DIRECTIONS FOR THIS TASK:
Please copy each line of the listing below precisely, excluding the images.
═══
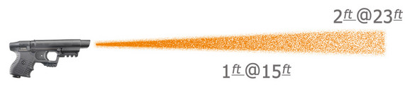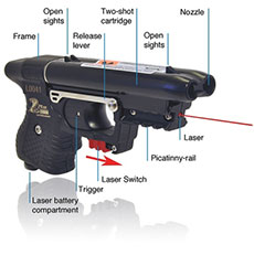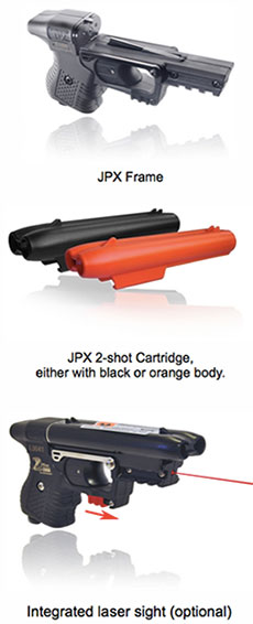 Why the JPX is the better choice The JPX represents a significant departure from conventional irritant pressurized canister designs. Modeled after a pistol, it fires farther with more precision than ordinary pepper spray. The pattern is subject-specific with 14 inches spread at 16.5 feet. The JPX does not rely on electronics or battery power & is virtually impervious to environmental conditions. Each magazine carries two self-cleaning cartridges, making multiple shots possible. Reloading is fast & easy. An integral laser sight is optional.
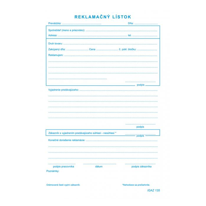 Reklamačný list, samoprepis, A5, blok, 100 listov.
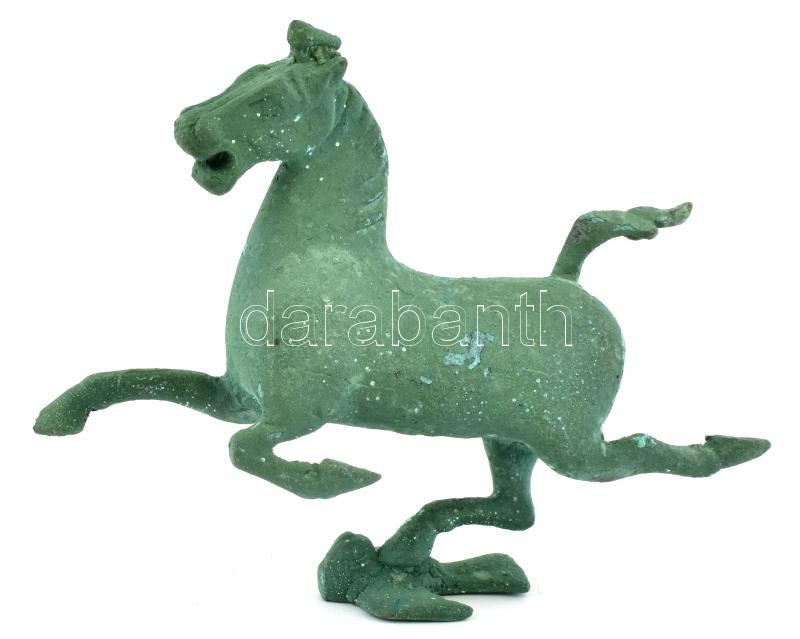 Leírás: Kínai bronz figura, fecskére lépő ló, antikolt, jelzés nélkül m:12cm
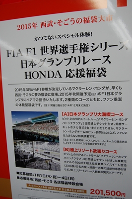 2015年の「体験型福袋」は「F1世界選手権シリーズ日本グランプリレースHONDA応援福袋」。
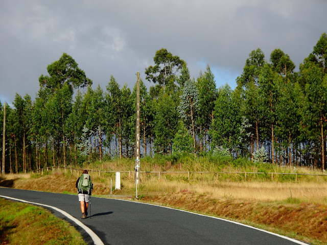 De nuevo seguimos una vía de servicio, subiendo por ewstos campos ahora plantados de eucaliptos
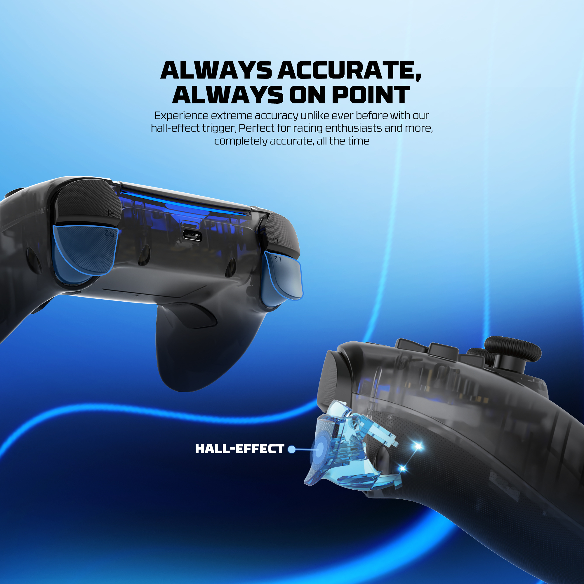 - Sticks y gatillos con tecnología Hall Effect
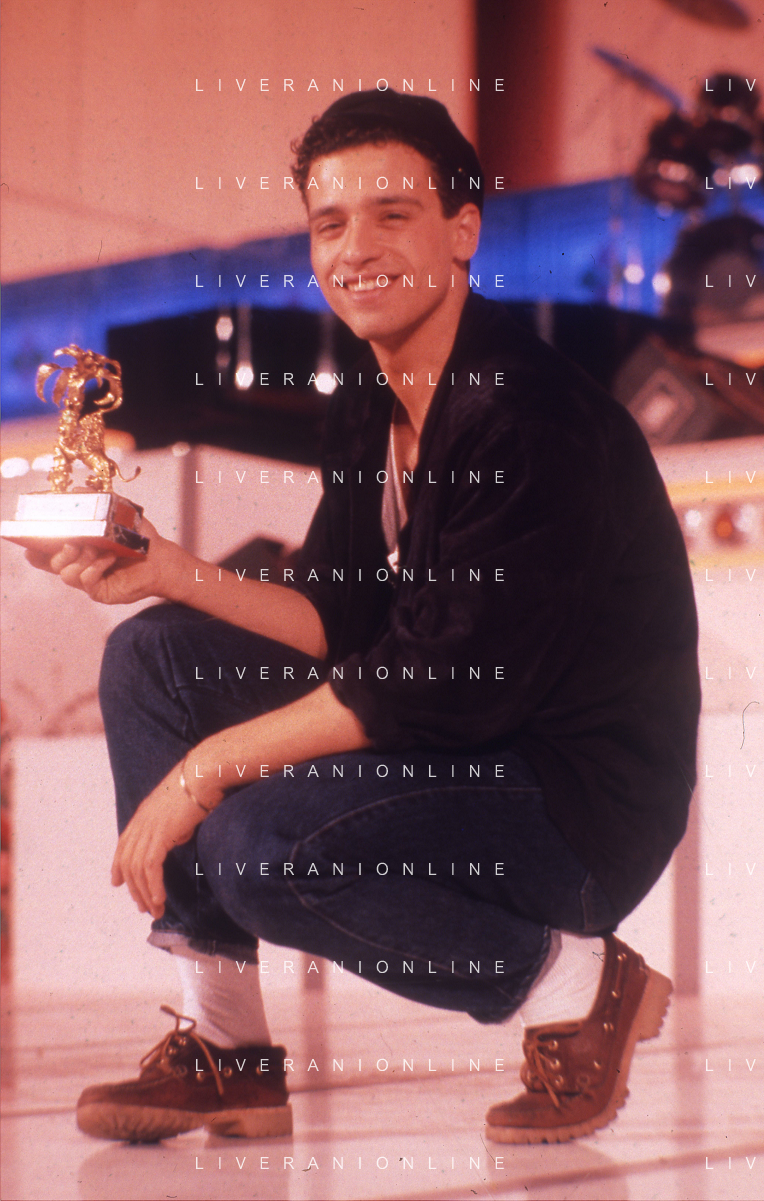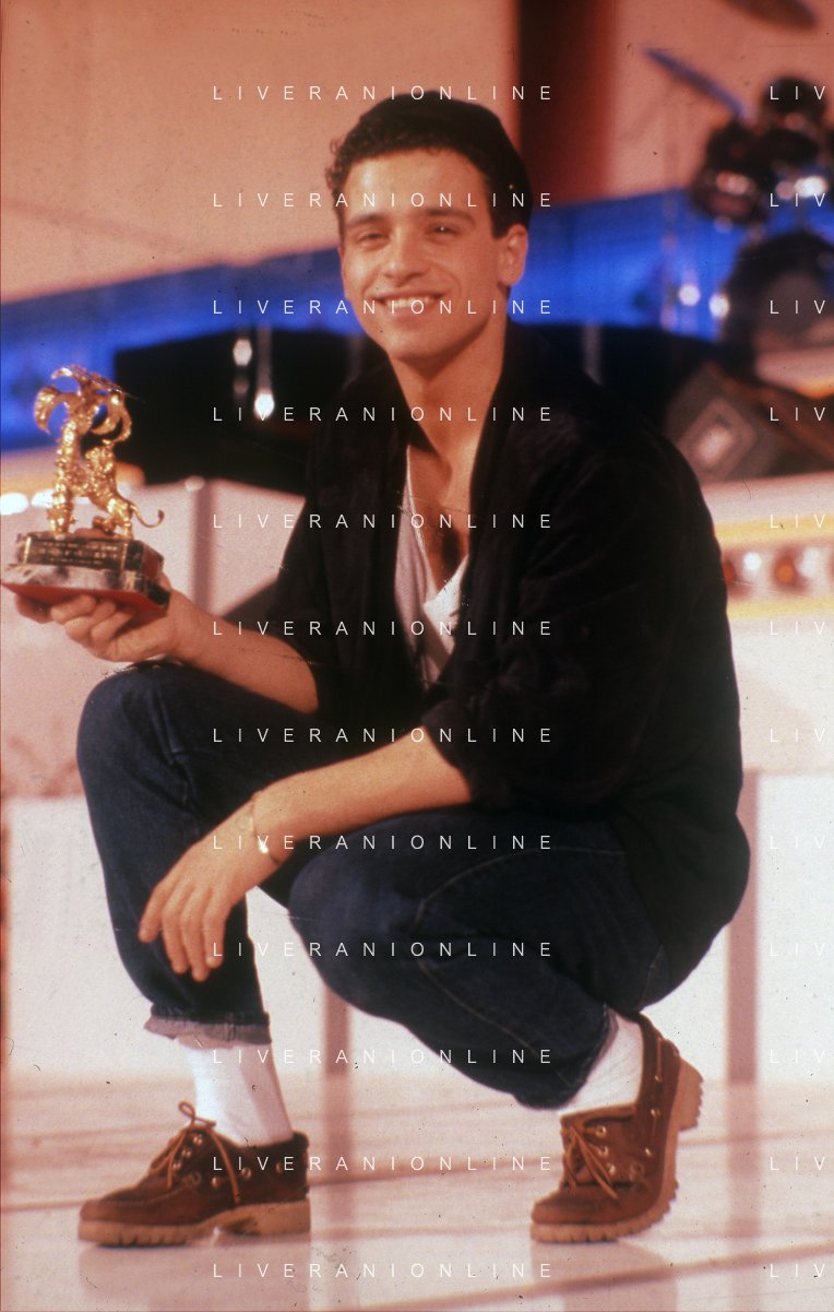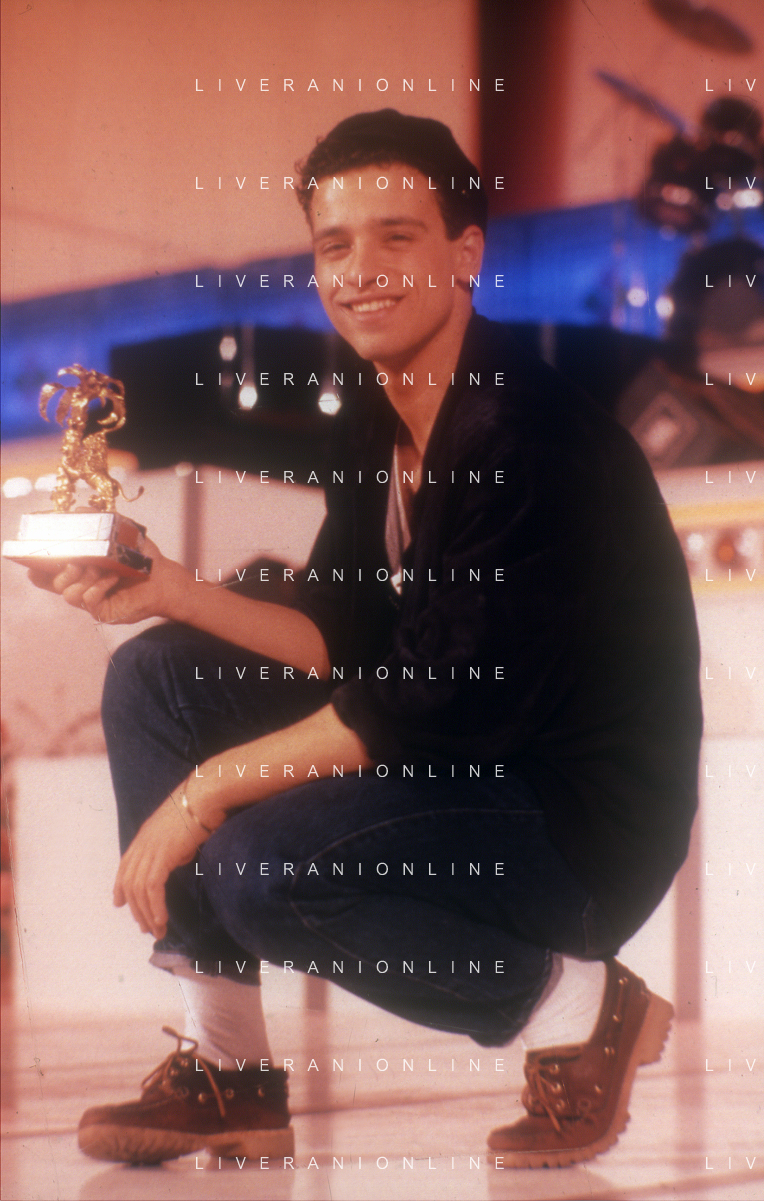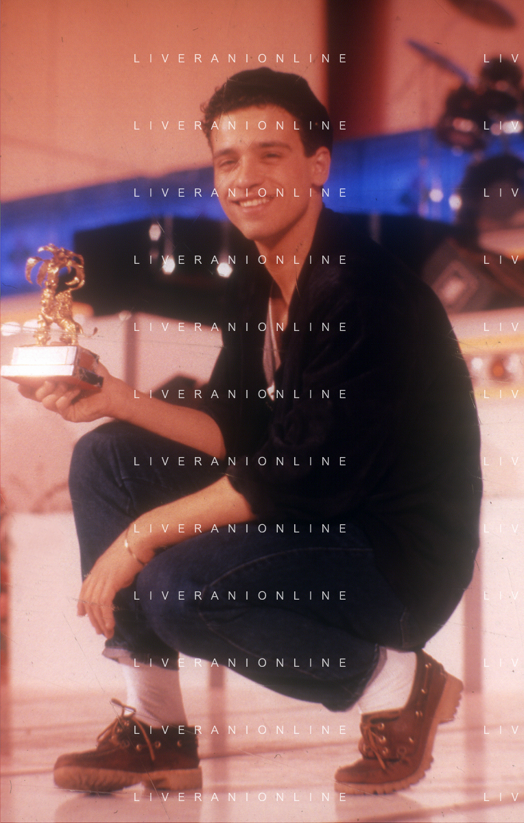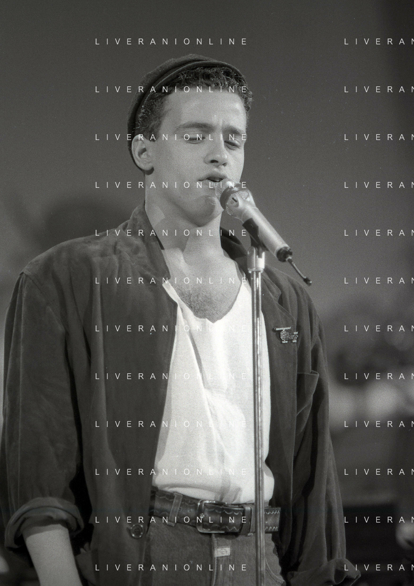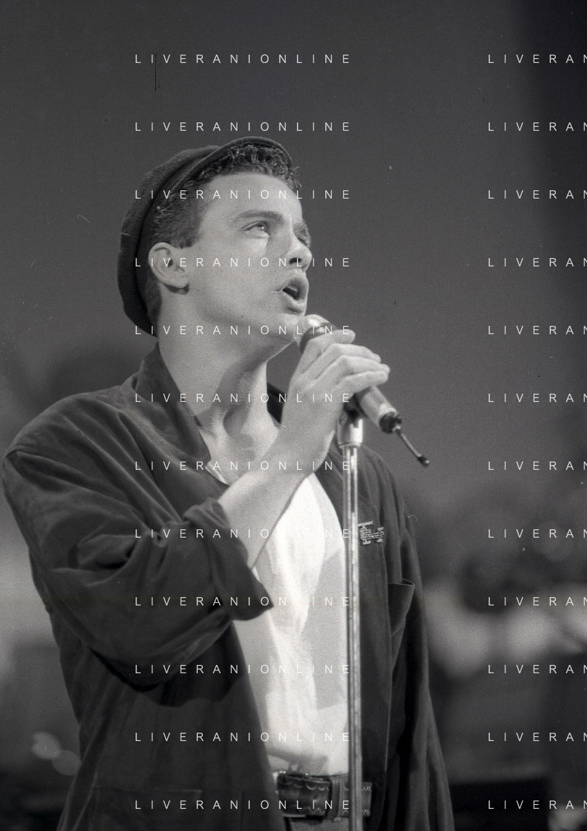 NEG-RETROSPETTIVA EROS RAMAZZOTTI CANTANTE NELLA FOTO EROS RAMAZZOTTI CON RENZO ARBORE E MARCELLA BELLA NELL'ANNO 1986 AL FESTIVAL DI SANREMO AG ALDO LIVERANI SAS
═══
RESULT OF THE TASK:
 Why the JPX is the better choice The JPX represents a significant departure from conventional irritant pressurized canister designs. Modeled after a pistol, it fires farther with more precision than ordinary pepper spray. The pattern is subject-specific with 14 inches spread at 16.5 feet. The JPX does not rely on electronics or battery power & is virtually impervious to environmental conditions. Each magazine carries two self-cleaning cartridges, making multiple shots possible. Reloading is fast & easy. An integral laser sight is optional.
 Reklamačný list, samoprepis, A5, blok, 100 listov.
 Leírás: Kínai bronz figura, fecskére lépő ló, antikolt, jelzés nélkül m:12cm
 2015年の「体験型福袋」は「F1世界選手権シリーズ日本グランプリレースHONDA応援福袋」。
 De nuevo seguimos una vía de servicio, subiendo por ewstos campos ahora plantados de eucaliptos
 - Sticks y gatillos con tecnología Hall Effect
 NEG-RETROSPETTIVA EROS RAMAZZOTTI CANTANTE NELLA FOTO EROS RAMAZZOTTI CON RENZO ARBORE E MARCELLA BELLA NELL'ANNO 1986 AL FESTIVAL DI SANREMO AG ALDO LIVERANI SAS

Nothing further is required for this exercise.